# [PROBLEM DETAILS]
Retype only what runs from the line with "한편, 지난 4일 확진자로" through the end of the entries, exactly and in full, but omit any picture you find.

# [ENTRIES SUPPLIED]
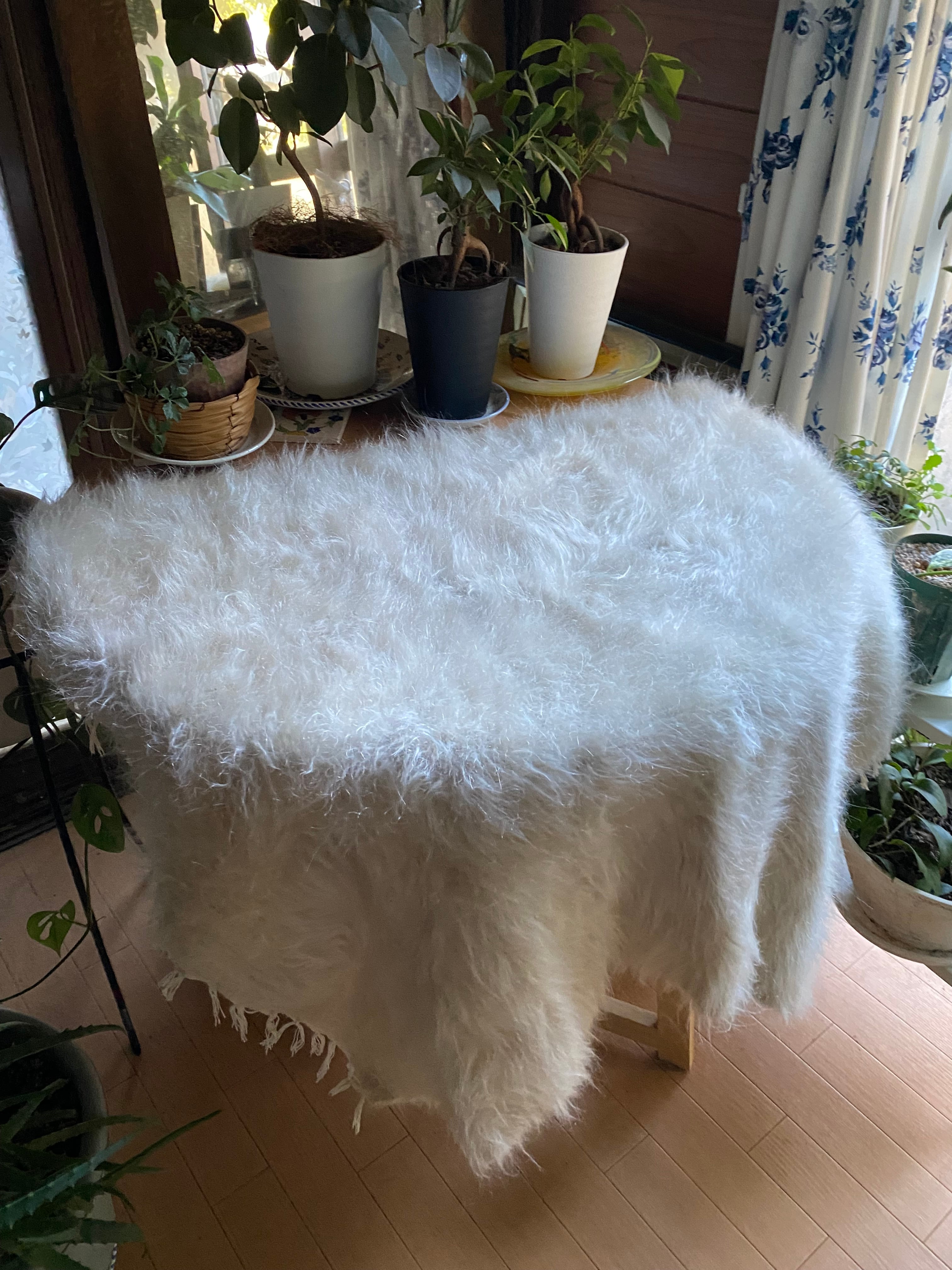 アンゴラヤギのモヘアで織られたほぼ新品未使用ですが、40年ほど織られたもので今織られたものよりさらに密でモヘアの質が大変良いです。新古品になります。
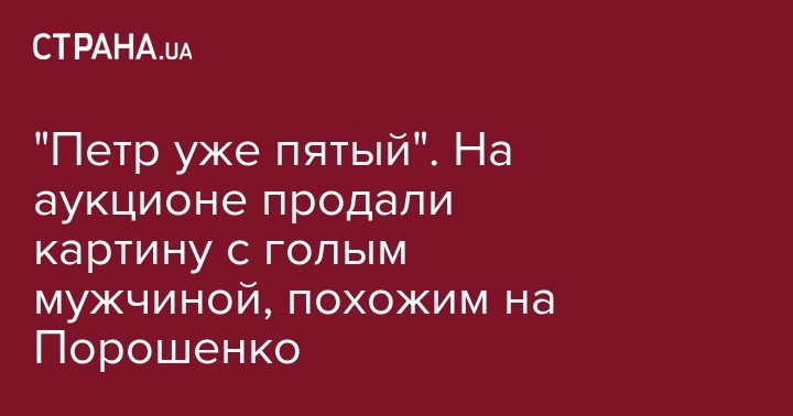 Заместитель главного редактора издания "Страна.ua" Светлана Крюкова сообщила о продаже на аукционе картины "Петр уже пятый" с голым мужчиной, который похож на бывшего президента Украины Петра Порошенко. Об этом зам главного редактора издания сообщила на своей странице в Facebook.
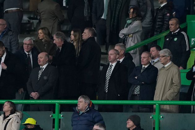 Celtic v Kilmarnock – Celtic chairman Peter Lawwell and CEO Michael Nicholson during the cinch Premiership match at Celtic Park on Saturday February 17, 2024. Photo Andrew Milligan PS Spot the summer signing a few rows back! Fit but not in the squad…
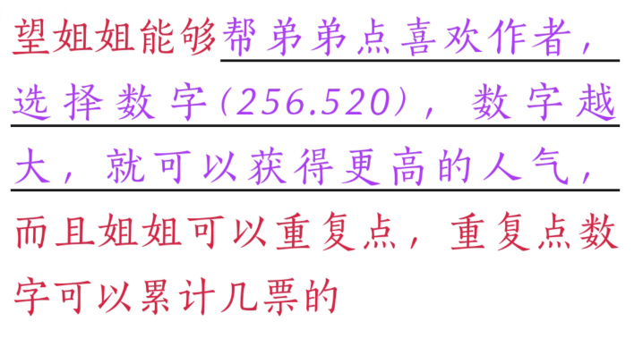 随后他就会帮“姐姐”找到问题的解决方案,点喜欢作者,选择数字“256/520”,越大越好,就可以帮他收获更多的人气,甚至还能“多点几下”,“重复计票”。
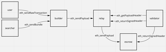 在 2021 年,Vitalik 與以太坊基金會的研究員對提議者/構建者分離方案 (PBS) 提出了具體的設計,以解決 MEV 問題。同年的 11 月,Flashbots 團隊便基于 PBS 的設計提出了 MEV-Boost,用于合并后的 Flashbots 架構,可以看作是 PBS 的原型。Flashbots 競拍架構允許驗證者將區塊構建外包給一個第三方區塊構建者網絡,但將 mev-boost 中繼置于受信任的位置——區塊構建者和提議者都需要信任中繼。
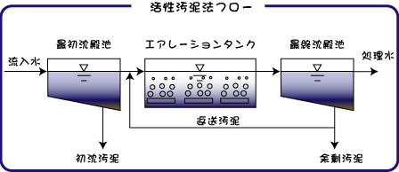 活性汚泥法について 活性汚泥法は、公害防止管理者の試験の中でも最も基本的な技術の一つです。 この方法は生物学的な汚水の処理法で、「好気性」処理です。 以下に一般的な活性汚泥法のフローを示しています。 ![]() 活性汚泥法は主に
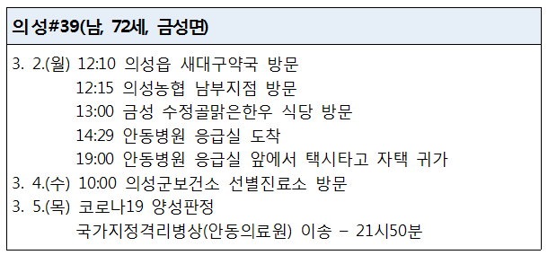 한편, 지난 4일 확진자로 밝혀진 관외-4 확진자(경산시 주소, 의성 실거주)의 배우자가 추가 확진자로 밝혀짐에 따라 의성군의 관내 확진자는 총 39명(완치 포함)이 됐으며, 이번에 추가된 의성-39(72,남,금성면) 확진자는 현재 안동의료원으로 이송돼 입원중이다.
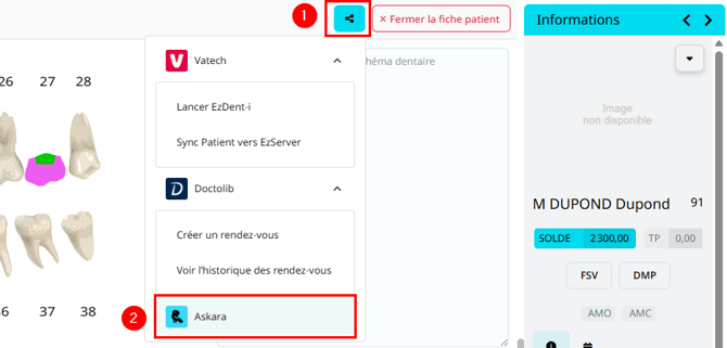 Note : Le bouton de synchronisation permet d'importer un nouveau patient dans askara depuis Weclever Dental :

# [RESPONSE TO THIS TASK]
 한편, 지난 4일 확진자로 밝혀진 관외-4 확진자(경산시 주소, 의성 실거주)의 배우자가 추가 확진자로 밝혀짐에 따라 의성군의 관내 확진자는 총 39명(완치 포함)이 됐으며, 이번에 추가된 의성-39(72,남,금성면) 확진자는 현재 안동의료원으로 이송돼 입원중이다.
 Note : Le bouton de synchronisation permet d'importer un nouveau patient dans askara depuis Weclever Dental :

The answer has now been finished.